→ Data:
--- START ---
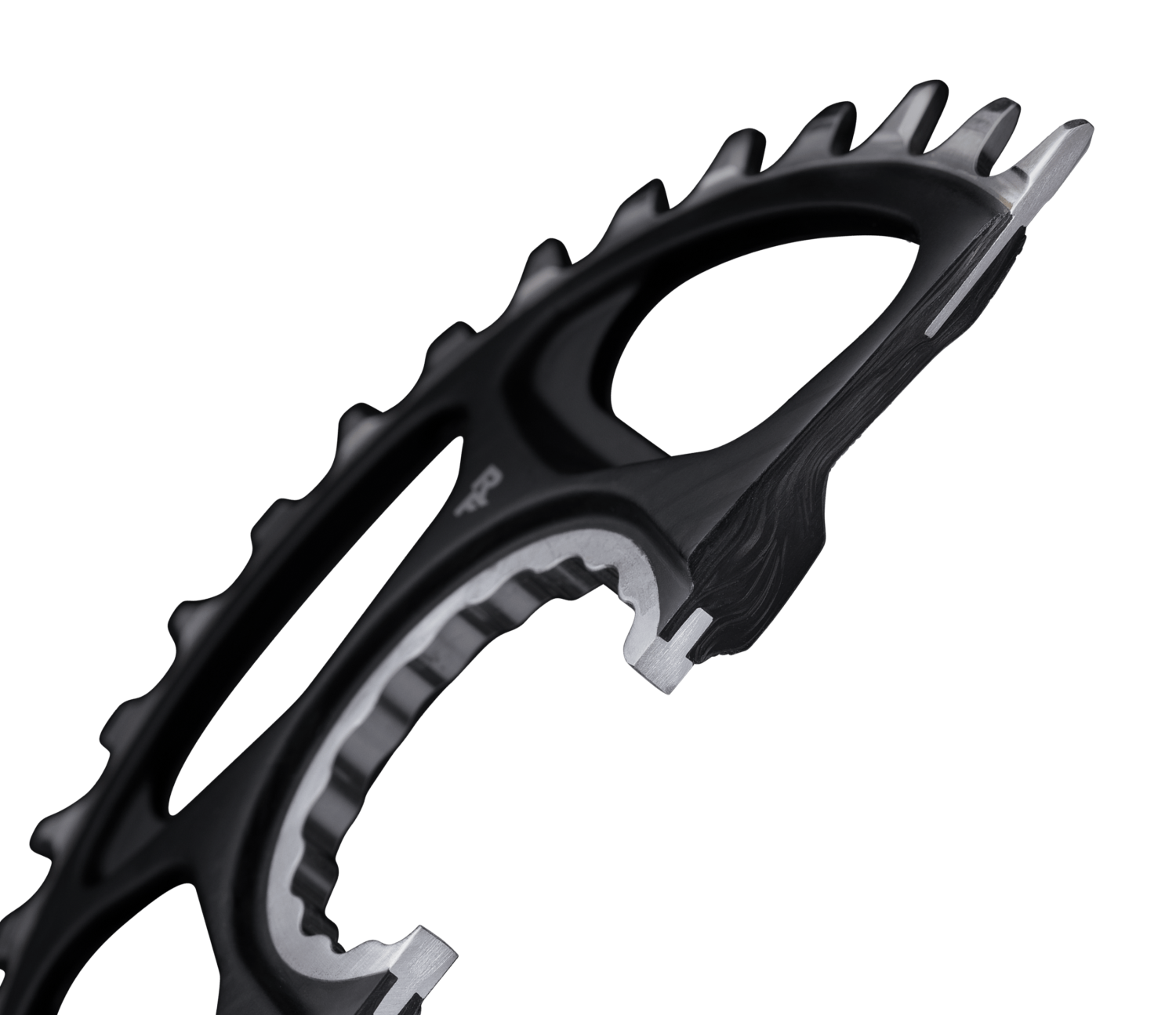 Základním požadavkem byla nízká hmotnost a současně dlouhá životnost převodníku, takže jak tohle skloubit, aby ani jeden parametr neutrpěl. Tři materiály dohromady to umí zajistit, takže základem je hliníkový unašeč ze slitiny 7075, samozřejmě vlastního standardu CINCH, tedy odpovídající růžice pro uchycení na klikách. Ten je zakomponován do karbonového těla převodníku, které má na starosti snížení hmotnosti při zachování maximální tuhosti. Na vnějším obvodu je do karbonu zase implantovaný ocelový převodník a technologie spojení trojice materiálů je stejná jako v případě karbonových klik ERA, takže se všechny díly pod tlakem spojí a karbon vytvrdne, tedy velmi zjednodušeně řečeno. Vnější ozubení je z oceli, což by mělo zaručit větší pevnost a tvrdost než třeba titan a současně až pětinásobnou odolnost vůči opotřebení proti hliníkovým převodníkům. Technologie úzkého a širokého zubu je samozřejmostí. Spojení oceli i hliníku přes karbonový základ by mělo odolat krouticímu momentu srovnatelnému s 5,9 litrovým dieselovým motorem Cummins, takže i hodně výkonný jezdec by neměl mít problém. Výhodou je pak kromě celkově až pětinásobné životnosti proti hliníkovým převodníkům samozřejmě hmotnost, která je s nimi srovnatelná a pak cena, která je v podstatě dvojnásobná. Převodník bez kompromisů, tak svůj počin Race Face označují. Převodník by měl být kompatibilní s pohony s deseti až dvanácti pastorky, jim adekvátními řetězy, ovšem v případě Shimano dvanáctky pouze HG+ řetězy. Řetězová linka bude s klikami Race Face se 136mm osou 52 nebo 55 mm a hmotnost verze 32 zubů je 83 gramů (dostupné 30, 32 a 34 zubů). Cena by se měla pohybovat na částce 4450 korun, takže teď mají majitelé klik Race Face možnost volby tří variant. Buď koupit tenhle luxus, nebo výrazně pod dva tisíce korun pořídit hliníkovou variantu, klidně i v barevném eloxu a nebo zavřít oči nad hmotností a za šest stovek koupit základní ocelový převodník. Co byste volili vy?
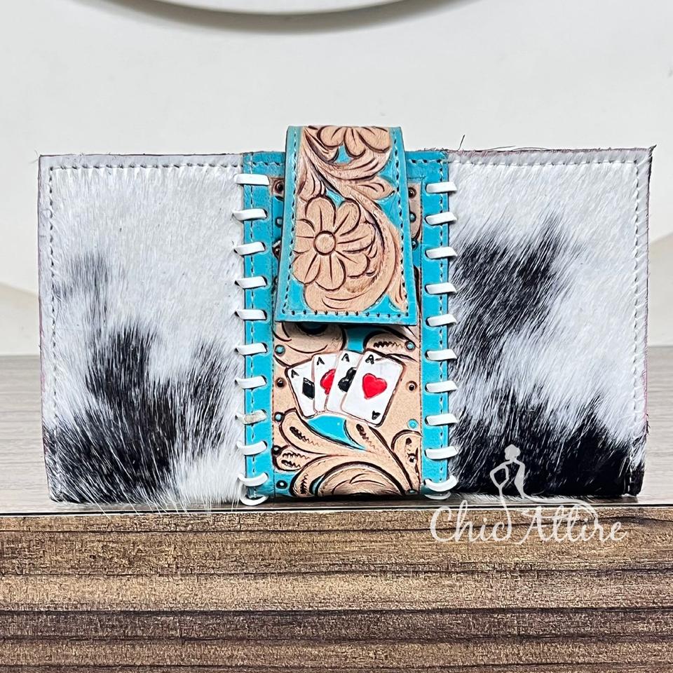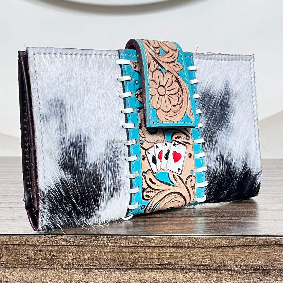 กระเป๋าสตางค์หนังแท้สไตล์ตะวันตกสำหรับผู้หญิงกระเป๋าคลัทช์สำหรับเล่นลายดอกไม้หนังเทอร์ควอยส์
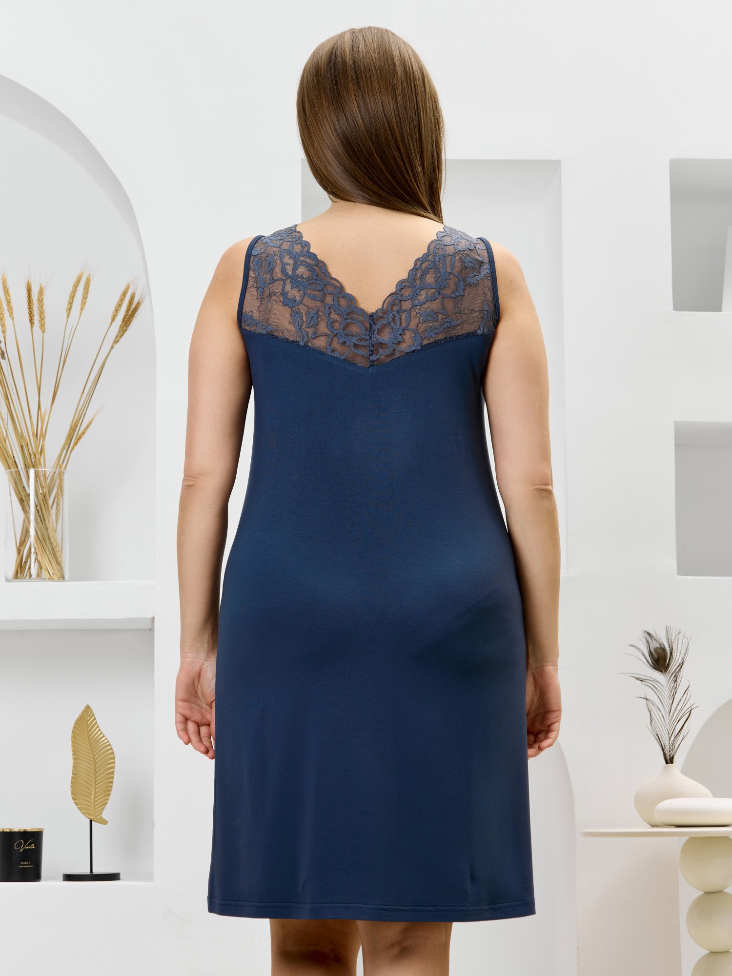Сорочка женская из гладкокрашеного трикотажного вискозного полотна, без рукавов, полуприталенного силуэта, слегка расширенная книзу. V-образная горловина полочки и спинки отделана кружевными кокетками треугольной формы. Проймы окантованы основным материалом.
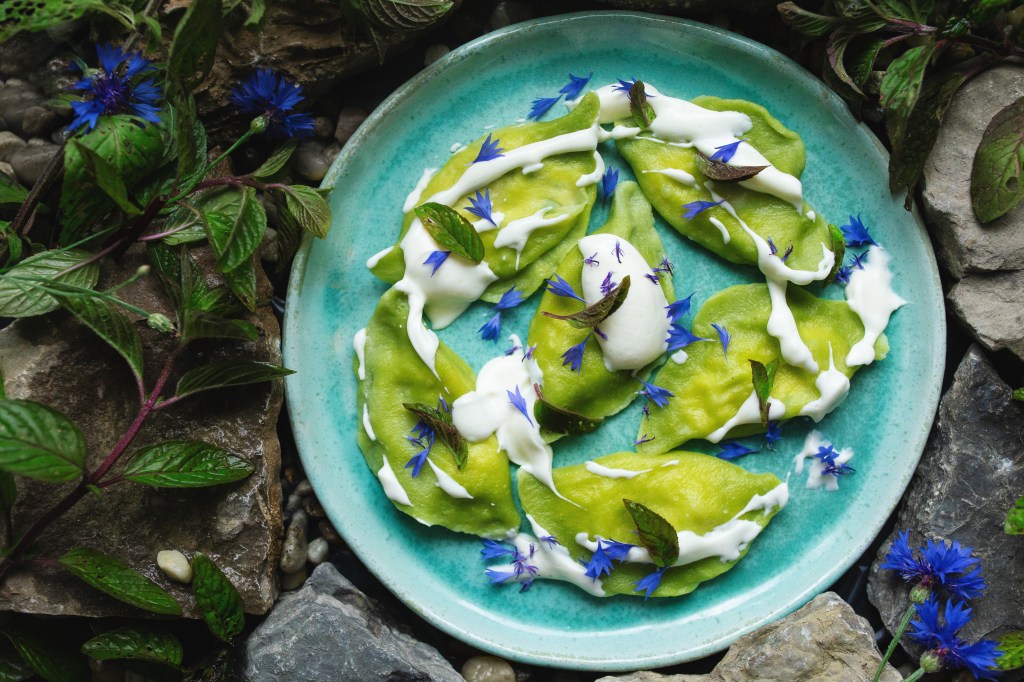 Postanowiłem tym razem mięte tą połączyć z serem w pierogach;) Aby Pierogi te jednoznacznie sie kojarzyły zabarwiłem je świeżym szpinakiem. Oczywiście nie odmówiłem sobie dekoracji w postaci płatków przepięknych bławatków;) Zapraszam po przepis
--- END ---
→ Problem statement: The answer should match the data above word for word, with no pictures in it.

→ Task result:
 Základním požadavkem byla nízká hmotnost a současně dlouhá životnost převodníku, takže jak tohle skloubit, aby ani jeden parametr neutrpěl. Tři materiály dohromady to umí zajistit, takže základem je hliníkový unašeč ze slitiny 7075, samozřejmě vlastního standardu CINCH, tedy odpovídající růžice pro uchycení na klikách. Ten je zakomponován do karbonového těla převodníku, které má na starosti snížení hmotnosti při zachování maximální tuhosti. Na vnějším obvodu je do karbonu zase implantovaný ocelový převodník a technologie spojení trojice materiálů je stejná jako v případě karbonových klik ERA, takže se všechny díly pod tlakem spojí a karbon vytvrdne, tedy velmi zjednodušeně řečeno. Vnější ozubení je z oceli, což by mělo zaručit větší pevnost a tvrdost než třeba titan a současně až pětinásobnou odolnost vůči opotřebení proti hliníkovým převodníkům. Technologie úzkého a širokého zubu je samozřejmostí. Spojení oceli i hliníku přes karbonový základ by mělo odolat krouticímu momentu srovnatelnému s 5,9 litrovým dieselovým motorem Cummins, takže i hodně výkonný jezdec by neměl mít problém. Výhodou je pak kromě celkově až pětinásobné životnosti proti hliníkovým převodníkům samozřejmě hmotnost, která je s nimi srovnatelná a pak cena, která je v podstatě dvojnásobná. Převodník bez kompromisů, tak svůj počin Race Face označují. Převodník by měl být kompatibilní s pohony s deseti až dvanácti pastorky, jim adekvátními řetězy, ovšem v případě Shimano dvanáctky pouze HG+ řetězy. Řetězová linka bude s klikami Race Face se 136mm osou 52 nebo 55 mm a hmotnost verze 32 zubů je 83 gramů (dostupné 30, 32 a 34 zubů). Cena by se měla pohybovat na částce 4450 korun, takže teď mají majitelé klik Race Face možnost volby tří variant. Buď koupit tenhle luxus, nebo výrazně pod dva tisíce korun pořídit hliníkovou variantu, klidně i v barevném eloxu a nebo zavřít oči nad hmotností a za šest stovek koupit základní ocelový převodník. Co byste volili vy?
 กระเป๋าสตางค์หนังแท้สไตล์ตะวันตกสำหรับผู้หญิงกระเป๋าคลัทช์สำหรับเล่นลายดอกไม้หนังเทอร์ควอยส์
Сорочка женская из гладкокрашеного трикотажного вискозного полотна, без рукавов, полуприталенного силуэта, слегка расширенная книзу. V-образная горловина полочки и спинки отделана кружевными кокетками треугольной формы. Проймы окантованы основным материалом.
 Postanowiłem tym razem mięte tą połączyć z serem w pierogach;) Aby Pierogi te jednoznacznie sie kojarzyły zabarwiłem je świeżym szpinakiem. Oczywiście nie odmówiłem sobie dekoracji w postaci płatków przepięknych bławatków;) Zapraszam po przepis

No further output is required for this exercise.